US Court slaps University of Ghana with $165 million judgement debt

The University of Ghana has been slapped by United States Federal Court with $165 million judgement debt for wrongly terminating the Africa Integras Contract in 2018.

This was after Global insurer Chubb Ltd. asked a New York federal judge to confirm a $165 million arbitration award against the University after it defaulted on a flagship development partnership backed by the U.S. government.

According to the petition filed in the Southern District of New York, W.P Carey investment trust won the award in 2018 after the University of Ghana terminated an agreement to construct and maintain four new facilities and a dormitory on its campus.

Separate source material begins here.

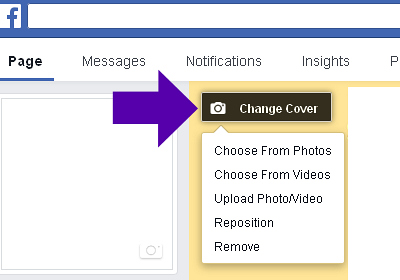 Click on 'Change Cover', or ‘Add a Cover Photo’.
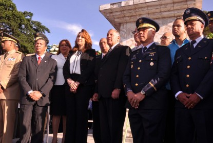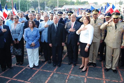 La gobernadora Aura Toribio, el presidente de la Comisión de Efemérides Patrias, Juan Daniel Balcácer y el alcalde Gilberto Serulle durante la ceremonia. SANTIAGO.- Con el izamiento de la Bandera...

The award reflects the value of rent income that the new campus facilities would have generated, Chubb told the court.
SEC reports show that the $64 million partnership was signed in 2016, with a mortgage financing agreement from the U.S. State Department’s Overseas Private Investment Corp. (now Development Finance Corp.) of up to $41 million. The project was insured with a Chubb corporate country risk policy. According to a public information summary filed with OPIC, the project would help meet a demand for higher education in Africa. University press releases said the expansion would help attract and accommodate Ph.D. students, transforming the school into a first-class research institution.
But UG was unable to procure a contractually required letter of credit, according to the Chubb petition, and moved to terminate the contract, triggering arbitration in 2018. The W.P. Carey trust settled with Chubb for $45.6 million later the same year — $10 million more than what it spent on the project — transferring its right to collect tenant default damages, according to company financial records.

While Chubb’s petition stated that the agreement was terminated because of the university’s failure to procure a letter of credit, the deal appeared to go sour earlier, when a new vice chancellor took office and openly voiced his opposition to the contract in a series of inflammatory letters and statements to the press. According to W.P Carey’s partner Africa Integras, the companies had already poured tens of millions of dollars into the expansion, and the project was only a year away from construction completion.

Andrea Pizziconi, founder and managing principal, told Law360 that new chancellor Ebenezer Owusu was “actually offered several options to obtain the letter of credit. However, against the strong advice of his own advisers, Owusu refused to proceed with any of the options presented to him.” Pizziconi noted that his actions seemed “personally motivated as even the Ghanaian government, at times, attempted to intervene to avoid the disastrous termination of the project that ensued.”

In a 2019 press release, the university denied being subject to any arbitration award. Meanwhile, Owusu personally attacked his predecessor and Pizziconi in the press.


The project would have expanded the university facilities by 60%, Pizziconi said. “As it stands today, I estimate that at least 20,000 additional Ghanaian students were prevented from enrolling at UG because those facilities were not finished,” she said.

The financial default also cast a chill over development projects across the region, “since UG was a flagship project for education public-private-partnerships in Africa generally,” Pizziconi added. “This impact exacerbated the losses felt across the continent with so many universities keen to access private finance to address their own infrastructure constraints.”

“Now, to make matters worse, if this claim is not paid, the entire insurance industry will become more reticent to insure key infrastructure projects in Ghana, which will impact the country’s entire development agenda,” she continued. “Also, with an unpaid insurance claim, the U.S. government’s Development Finance Corp. will struggle to proceed in financing other projects in Ghana that require government commitments, which could cost Ghana billions in development financing.”

The University of Ghana did not immediately respond to requests for comment. Counsel for Chubb declined to comment.
According to Chubb’s petition Thursday, the court has no basis to refuse confirmation of the award, which falls under the New York Convention.


Chubb is represented by Kurt W. Hansson, Joshua M. Bennett and Jonathon C. Drimmer of Paul Hastings LLC.
Counsel information for the University of Ghana was not immediately available. The case is Ace American Insurance Company v. University of Ghana, case number 1:21-cv-06472, in U.S. District Court for the Southern District of New York.